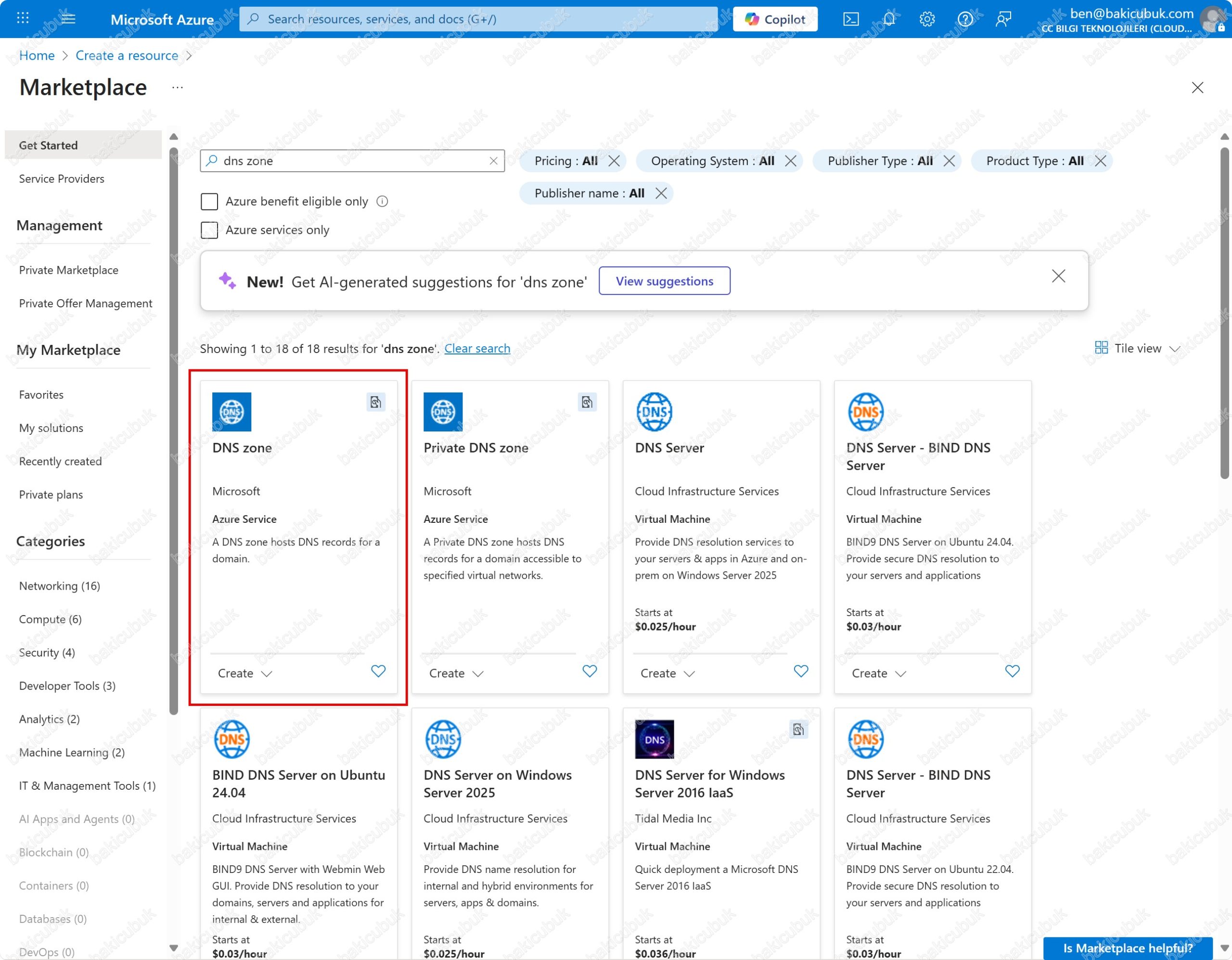 Create a resource ekranında Azure Marketplace menüsünde DNS zone seçeneğini seçiyoruz. bakicubuk.tr isimli alan adının DNS kayıtlarını yapılandırarak yöneteceğimiz için DNS zone seçeneğini seçiyoruz.
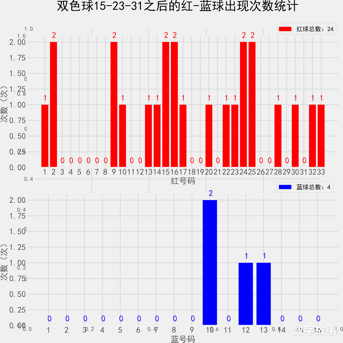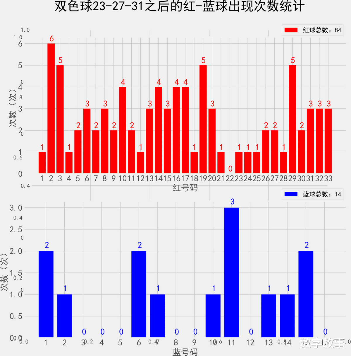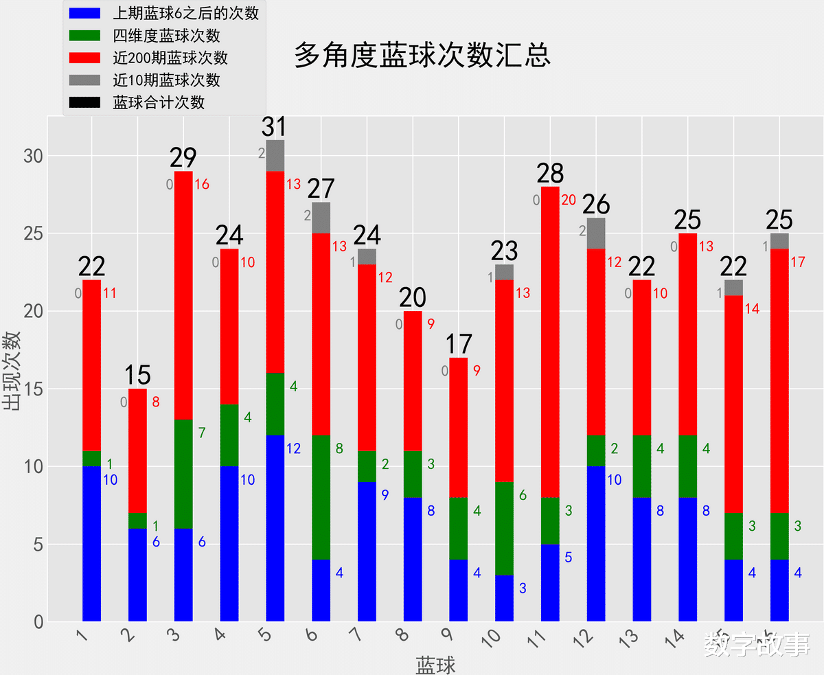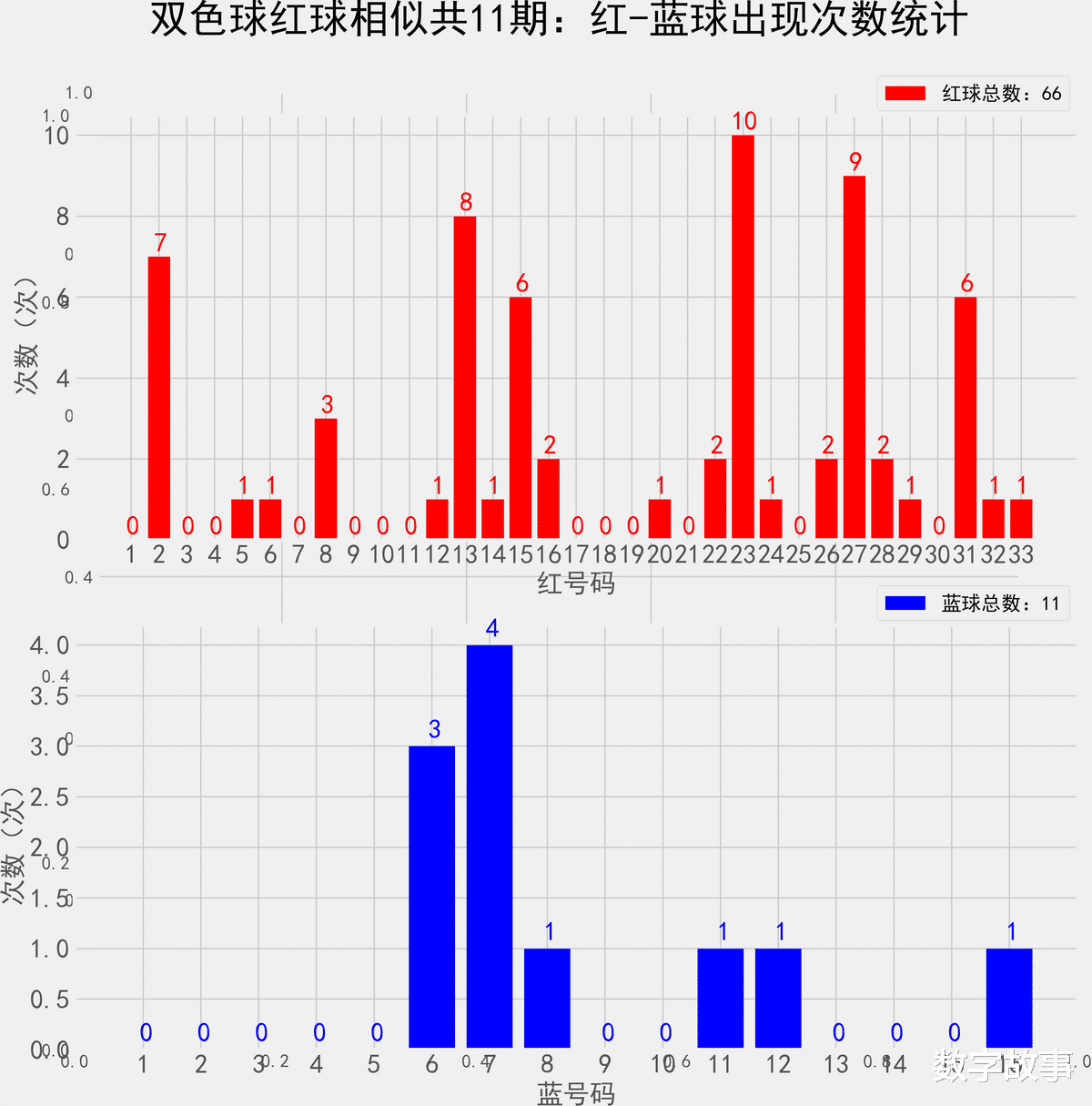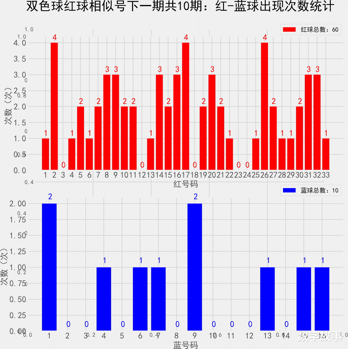 双色球近10期红蓝号统计情况统计样本数据: 60个红球 10个蓝球
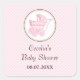 A vintage pram encircled within a brown border highlights this elegant baby shower sticker. Subtle white polka dots print against a soft pink to add an classic look. Easily customised into a thank you sticker. Available in alternate colours with matching products.
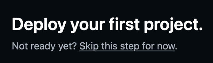 * Kies "Skip this step for now" in de laatste stap om door te gaan naar het dashboard.
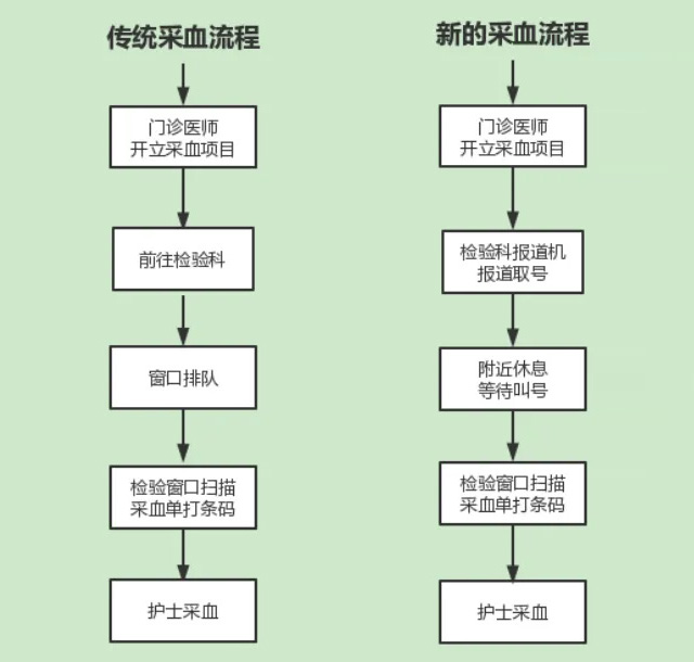門診醫師開采血項目>報道機報道取號>座位休息等待叫號機叫號>檢驗窗口掃描采血單條碼>護士采血
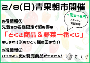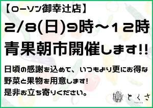 ローソン御幸辻店にて朝市開催! 2026.02.07 明日2月8日(日) ローソン御幸辻店にて朝市を開催いたします!! いつも以上にお得な新鮮野菜を販売(^^♪ そして!なんと!「とくさの商品が当たる⁉一番くじ」をやりますよ♪ ぜひお越しください(^_-)-☆
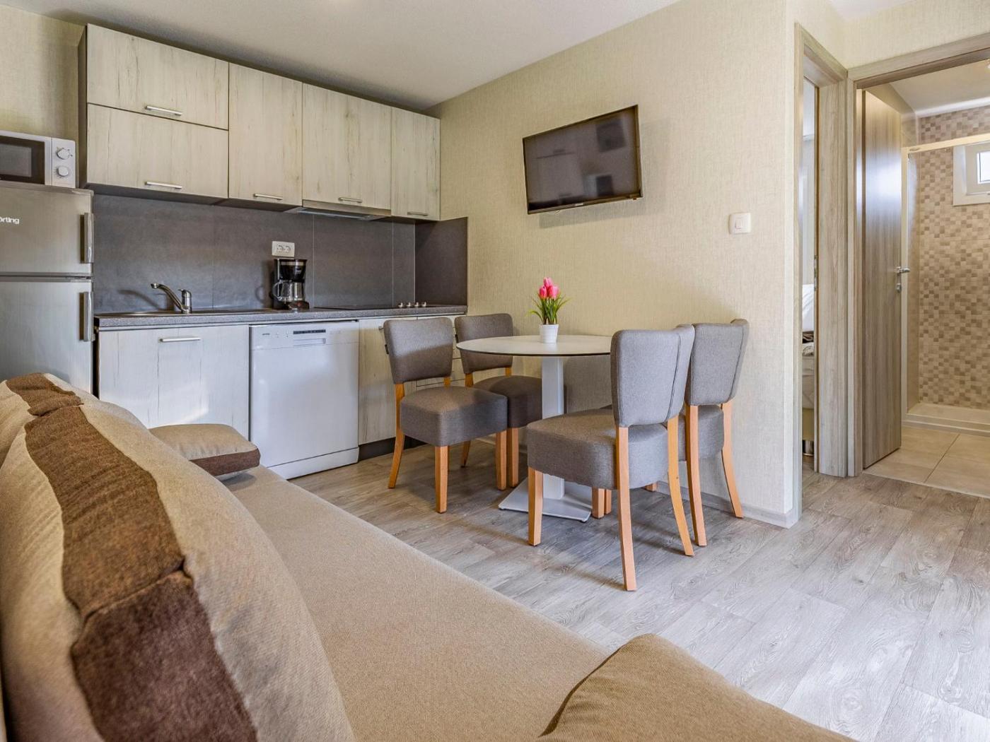 Holiday Home. This air-conditioned holiday home features 1 living room, 2 separate bedrooms and 2 bathrooms with a shower. Guests can make meals in the kitchen that has a stovetop, a refrigerator, a dishwasher and kitchenware. Boasting a terrace, this holiday home also features a coffee machine, a dining area and a TV with satellite channels. The unit has 4 beds.
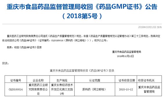 近期,华海药业的缬沙坦事件闹得沸沸扬扬,国庆节后一周,股价连续跌停,作为国内原料药及制剂出口的龙头企业之一,该事件备受业内关注。然而,日前又一个原料药“出事”了。重庆市食药监局发布《行政处罚决定书》((渝)药罚[2018]39号)和收回《药品GMP证书》(2018第5号)公告,重庆市食药监局给予重庆医药工业研究院有限责任公司(简称:重庆医工院)警告处罚,并收回其阿立哌唑原料药《药品GMP证书》。据资料显示,重庆医工院的背后由复星医药和重药控股两家A股上市药企持股。
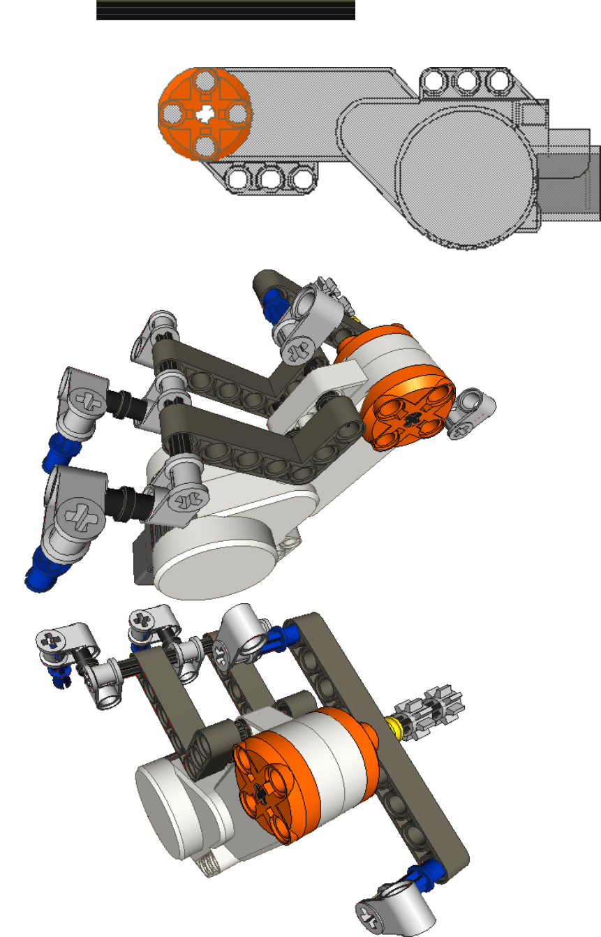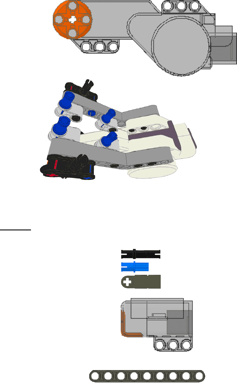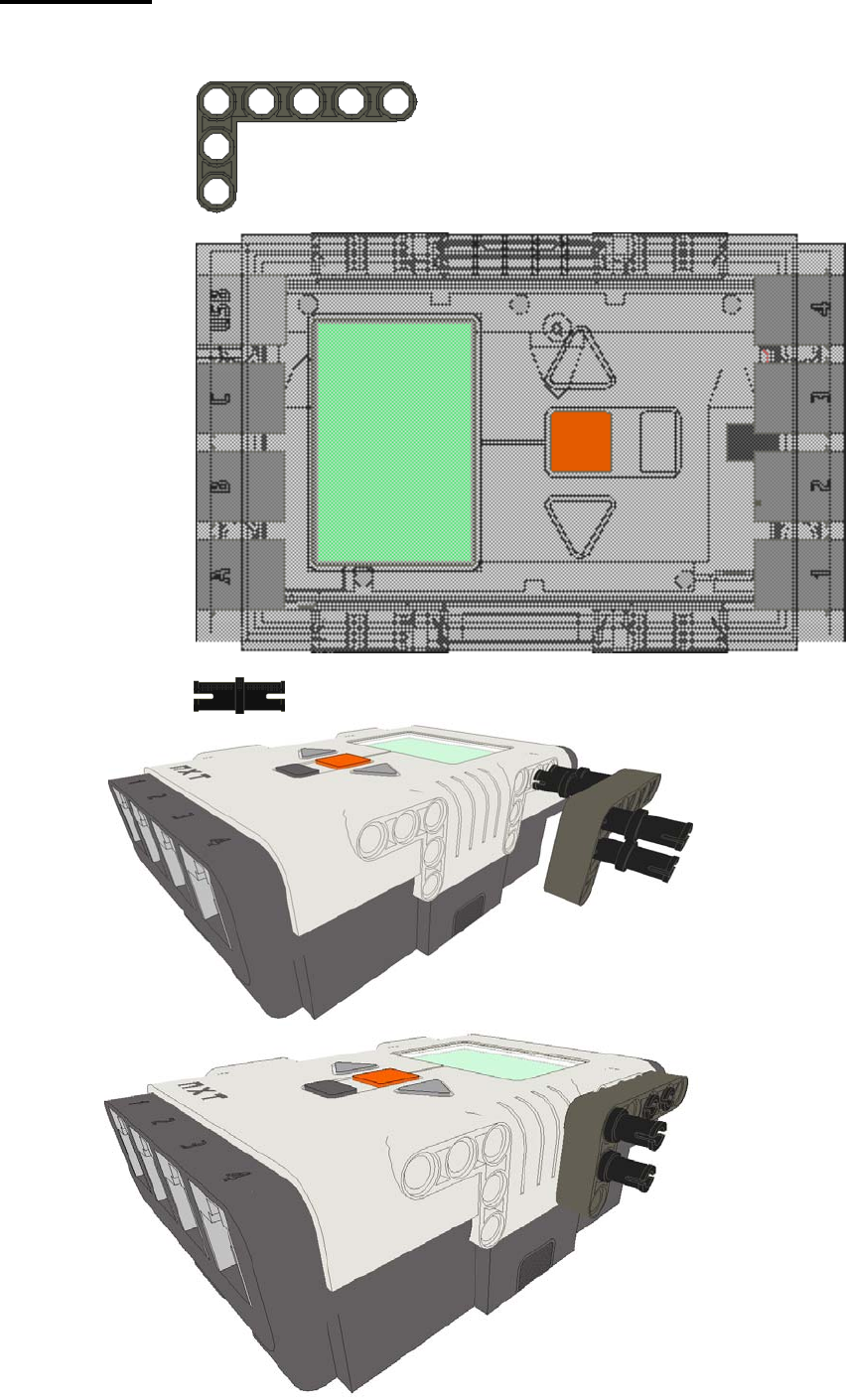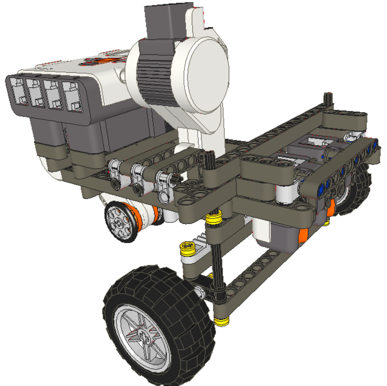 Orientate the NXT block to connect with both the steer servo motor and the chassis as shown below.

= = = = = = =

◆ **ACTION ITEM**: Copy nothing past the line containing "双色球近10期红蓝号统计情况统计样本数据: 60个红球 10个蓝球": reproduce every line from the start of the records up to it, skipping pictures.

◆ **ANSWER TO THE PROBLEM**:
 Create a resource ekranında Azure Marketplace menüsünde DNS zone seçeneğini seçiyoruz. bakicubuk.tr isimli alan adının DNS kayıtlarını yapılandırarak yöneteceğimiz için DNS zone seçeneğini seçiyoruz.
 双色球近10期红蓝号统计情况统计样本数据: 60个红球 10个蓝球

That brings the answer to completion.